Monday, June 29, 2015

The most (and least) surprising moments from NHL draft weekend

The NHL’s draft weekend is, in theory, a pretty straightforward affair. It’s the annual chance to divide up all the incoming young talent, with teams making their picks, posing for a few photos, and heading home.

In reality, draft weekend often ends up feeling like 90 percent of the league’s offseason crammed into a few days. The combination of having all 30 front offices in one city, incoming cap space, and free agency looming just days away builds up into a whirlwind of rumors, speculation, and (eventually) action.

Some of it works out the way we expect. Some of it doesn’t. So let’s take a look back at this year’s just-concluded draft weekend in stifling Sunrise, Florida, by breaking down all the major moves based on just how surprising they were.

Connor McDavid going first overall: 0/100 — No surprise here; we’ve known that McDavid would be the first overall pick of the 2015 draft for the last three years. He’s the most heavily hyped prospect since Sidney Crosby, and his ridiculous numbers in junior this year — he had 120 points in just 47 games — just reaffirmed his status as the game’s Next Big Thing.

The question now is this: How big? And how quickly? McDavid goes to an Oilers franchise that hasn’t been good at anything other than winning draft lotteries in almost a decade. His arrival, and the front office overhaul the franchise underwent while anticipating it, should spell the end of the Oilers’ misery. The question is how quickly he can get them into the playoffs, and then into Cup contention.

We have some history to look back on. Crosby had 102 points as a rookie in the high-scoring post-lockout 2005-06 season, but Pittsburgh didn’t return to the playoffs until the following year. The Penguins went to the Cup final the year after that, and then won it all in 2009. Alexander Ovechkin debuted the same year as Crosby, but the Caps didn’t make the playoffs until his third season, and they still haven’t been to a final. The Blackhawks debuted the double whammy of Jonathan Toews and Patrick Kane in 2007-08, missed the playoffs, and had won their first Stanley Cup by 2010.

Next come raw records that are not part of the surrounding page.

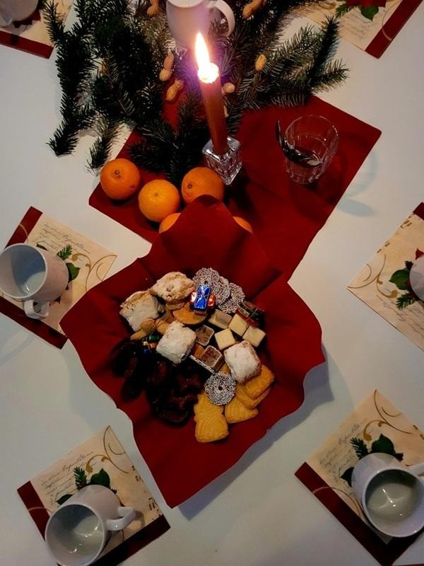 Leckere Süßigkeiten und ein wenig gesundes Obst, die bereitgestellten Tassen mit hübschen Servietten nicht zu vergessen. Da werden alle eventuellen Diätpläne vergessen und der Gaumen wird auf Dominostein-Empfang geschaltet, denn die könnten in der Vorweihnachtszeit meine Hauptmahlzeit ersetzen.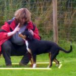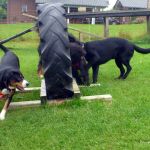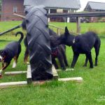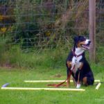 Na und heute war dann auch wieder Hundeschule. Da musste ich wieder hinter Frauchen her laufen und dann saß ich von Stöcken umgeben und Frauchen hat die guten Leckerchen auf die Erde fallen lassen und ich durfte da nicht dran. Na, ja ist ja für mich kein Problem, auch als Susanne das Spielzeug geworfen hat, habe ich mich nicht von der Stelle gerührt. Na da hat sich Frauchen aber gefreut.
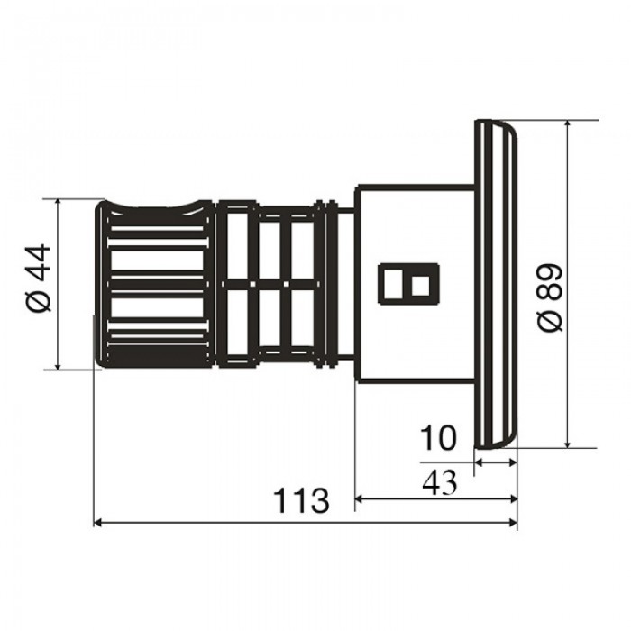 - подсоединение: 44 мм;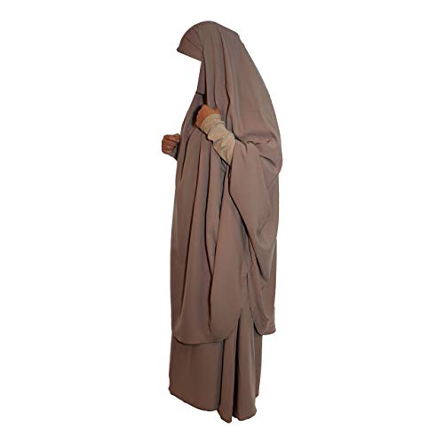 Set Jilbab in due pezzi (gonna + khimar) con polsini in cotone elasticizzato taglia unica, ideale per la preghiera quotidiana Hajj Umrah copertura completa, Beige, Taglia unica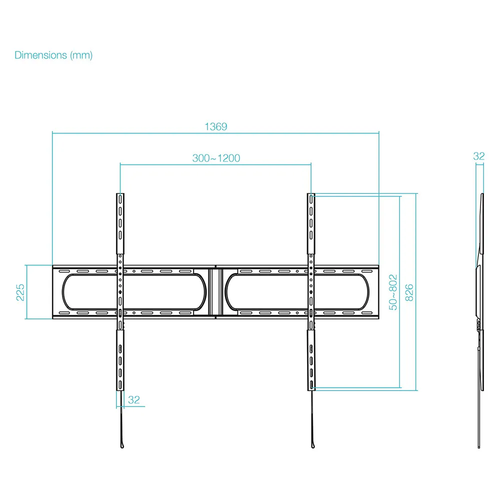 Maximum weight capacity:125 kg, Minimum screen size:94 cm (37), Maximum screen size:3.56 m (140), Minimum VESA mount:300 x 200 mm, Maximum VESA mount:1200 x 800 mm.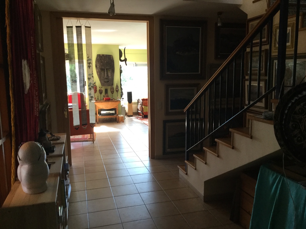 Our property is 2500 m2. Very private, barbecue and swimming pool. The house is i at the top of a hill so there is a nice view all around. The area is very quiet . Squirrels and birds come to our pond. And yet we are just 2 minutes by car from town center (ten minutes walking).

So if you’re an Oilers fan, there’s your realistic window: one more tough season, playoff favorite status the year after that, and Stanley Cup contention soon after. It’s no sure thing, of course, but I’m guessing long-suffering Oilers fans will take it.

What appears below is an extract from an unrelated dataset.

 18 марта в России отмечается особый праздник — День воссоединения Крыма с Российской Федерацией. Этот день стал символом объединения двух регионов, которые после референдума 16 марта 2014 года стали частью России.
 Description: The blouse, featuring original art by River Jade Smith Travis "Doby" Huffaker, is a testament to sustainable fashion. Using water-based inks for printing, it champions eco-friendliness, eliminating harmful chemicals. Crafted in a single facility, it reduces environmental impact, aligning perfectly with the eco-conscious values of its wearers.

McDavid’s selection was the least surprising moment of the entire weekend. Well, except for this one …

This whole thing being a disaster: 0/100 — Let’s play a game called “How the hell did this happen?”

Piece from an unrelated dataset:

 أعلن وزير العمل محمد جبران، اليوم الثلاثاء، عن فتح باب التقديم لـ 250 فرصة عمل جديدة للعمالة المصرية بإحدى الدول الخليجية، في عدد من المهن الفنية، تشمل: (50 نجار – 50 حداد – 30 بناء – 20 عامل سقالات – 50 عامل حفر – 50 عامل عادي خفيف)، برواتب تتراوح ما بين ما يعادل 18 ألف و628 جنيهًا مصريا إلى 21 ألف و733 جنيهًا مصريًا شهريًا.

Scene: League headquarters.

NHL executive: “So, Connor McDavid has finally arrived in the NHL. How can we make the best possible first impression with this incredibly marketable new asset?”

Intern: “Hey, has anyone checked to see if the owner of the Oilers would want to awkwardly corner him on live television, then babble on about how wonderful his terrible organization is while blatantly reading off a cue card?”

NHL executive: “Great idea. Did anyone check it with Connor?”

Intern: “Sure did. He said he’d spend the entire segment visibly trying to swallow his own tongue.”

NHL executive: “Awesome, let’s do it!”